After bootstrap step it is required to connect influxdb and grafana by executing playbooks/install/connect_influx_to_grafana.yaml
playbook. After that step a proper datasource is available in grafana. Dashboards/pannels are not installed automatically as of now.
In addition current state is that building image on the executor hangs (propably TCPForward connection issue) and Ansible does not recognize, when the process is stopped. So it is required to abort at this step after around 5 minutes (yes, will be fixed ASAP). After that you can manually execute sudo systemctl start executor-service
on the executor host. As already mentioned dashboard is not provisioned currently, so no data will be visible in grafana.
- install/deploy_dashboard.yaml - Deploys a default API Monitoring dashboard in Grafana. After running this playbook data will be visible in Grafana
There is a playbook for creating a standalone project/user_group/user where the tests might be executed.
OS_CLOUD=cloud_with_domain_scope -i inventory/production playbooks/install/create_test_project.yaml
This playbook takes test_project_name
, test_domain_name
, test_user_name
, test_user_password
and creates corresponding project, user_group and user correspondigly. Currently the script contains predefined list of roles to be assigned to the group, so if those are different in the target environment (which most likely is) - adapt script.

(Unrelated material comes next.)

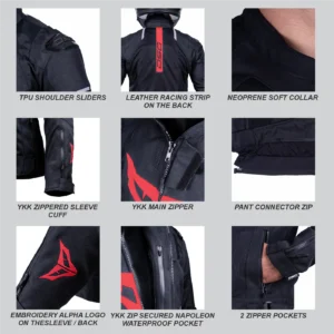 A: While it offers some water resistance due to neoprene materials, it is not fully waterproof.Q2. What makes the chest protectors special in this jacket?
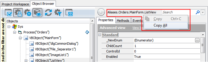 To refer to an individual object in the tested Visual Basic application, select the needed object in the Object Browser or Object Spy. These tools display the selected object’s name above the member list. From the right-click menu, you can copy this name to the clipboard and then insert it into your test.

#NOTE:# This is under reworking currently to reuse as much pieces from the proper installation as possible.
It is possible to use tools for development purposes locally with the help of docker-compose (P.S. minishift/minikube would be nice to have) In order to start it prepare inventory by copying testing inventory folder into something useful (please note testing inventory is saved in git, therefore please do not place any sensitive information. Inventory/production is excluded by gitignore not to accidentially leak data) and modify data as you need (especially cloud credentials in the clouds.yaml must be real). After this step is done you can start stack by running:
docker-compose up
This will build and start 4 containers. Executor will start executing test scenarios and populate InfluxDB. Grafana instance is listening on the localhost port 3000 and can be used to visualize data (default access credentials: 'admin:foobar').